● **Provided data**:

+++++

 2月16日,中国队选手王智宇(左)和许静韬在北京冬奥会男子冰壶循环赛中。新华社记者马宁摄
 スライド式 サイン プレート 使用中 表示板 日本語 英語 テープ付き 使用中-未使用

+++++

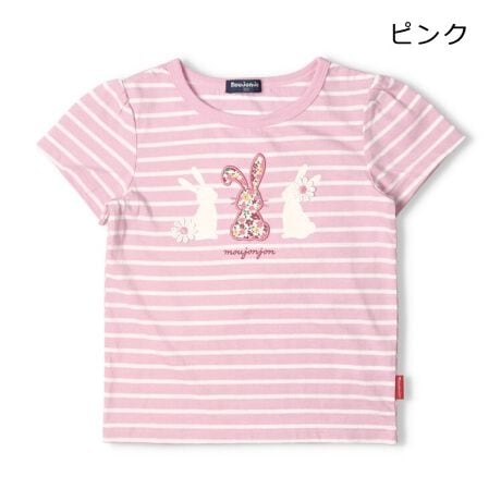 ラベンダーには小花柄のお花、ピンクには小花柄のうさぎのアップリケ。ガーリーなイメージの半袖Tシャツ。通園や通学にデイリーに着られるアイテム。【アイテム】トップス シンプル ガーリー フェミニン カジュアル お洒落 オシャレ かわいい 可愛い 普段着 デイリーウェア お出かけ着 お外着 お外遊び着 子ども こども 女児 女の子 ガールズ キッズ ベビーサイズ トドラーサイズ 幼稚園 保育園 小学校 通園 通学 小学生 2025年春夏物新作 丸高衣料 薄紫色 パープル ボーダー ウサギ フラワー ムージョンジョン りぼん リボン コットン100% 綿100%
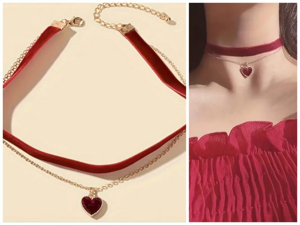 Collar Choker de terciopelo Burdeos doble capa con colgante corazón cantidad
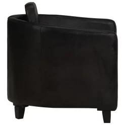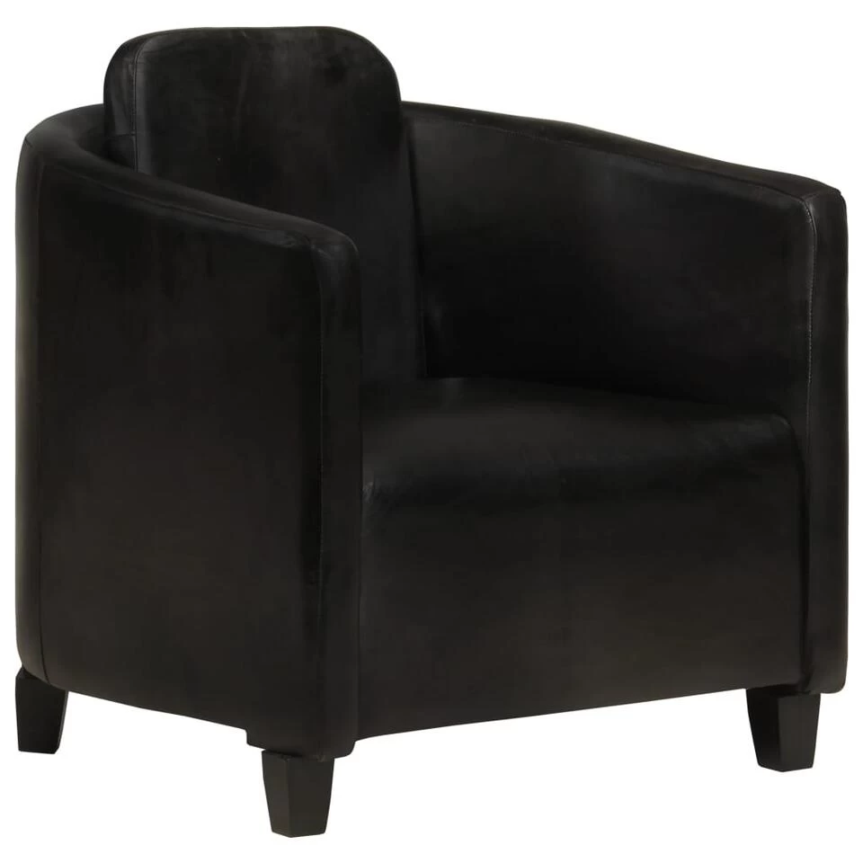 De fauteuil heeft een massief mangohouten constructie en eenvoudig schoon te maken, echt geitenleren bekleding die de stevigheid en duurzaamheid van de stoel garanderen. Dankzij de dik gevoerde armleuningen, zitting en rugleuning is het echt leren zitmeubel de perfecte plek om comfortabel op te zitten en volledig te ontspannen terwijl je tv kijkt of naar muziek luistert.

+++++

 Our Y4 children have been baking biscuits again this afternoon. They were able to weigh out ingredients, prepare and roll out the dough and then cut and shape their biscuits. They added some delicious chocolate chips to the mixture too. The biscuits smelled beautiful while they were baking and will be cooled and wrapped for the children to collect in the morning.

+++++

● **What is required**: From the line containing "2月16日,中国队选手王智宇" down to the line containing "スライド式 サイン プレート 使用中 表示板 日本語 英語 テープ付き 使用中-未使用" in the material above, reproduce every line exactly, including the two end lines.

● **Task solution**:
 2月16日,中国队选手王智宇(左)和许静韬在北京冬奥会男子冰壶循环赛中。新华社记者马宁摄
 スライド式 サイン プレート 使用中 表示板 日本語 英語 テープ付き 使用中-未使用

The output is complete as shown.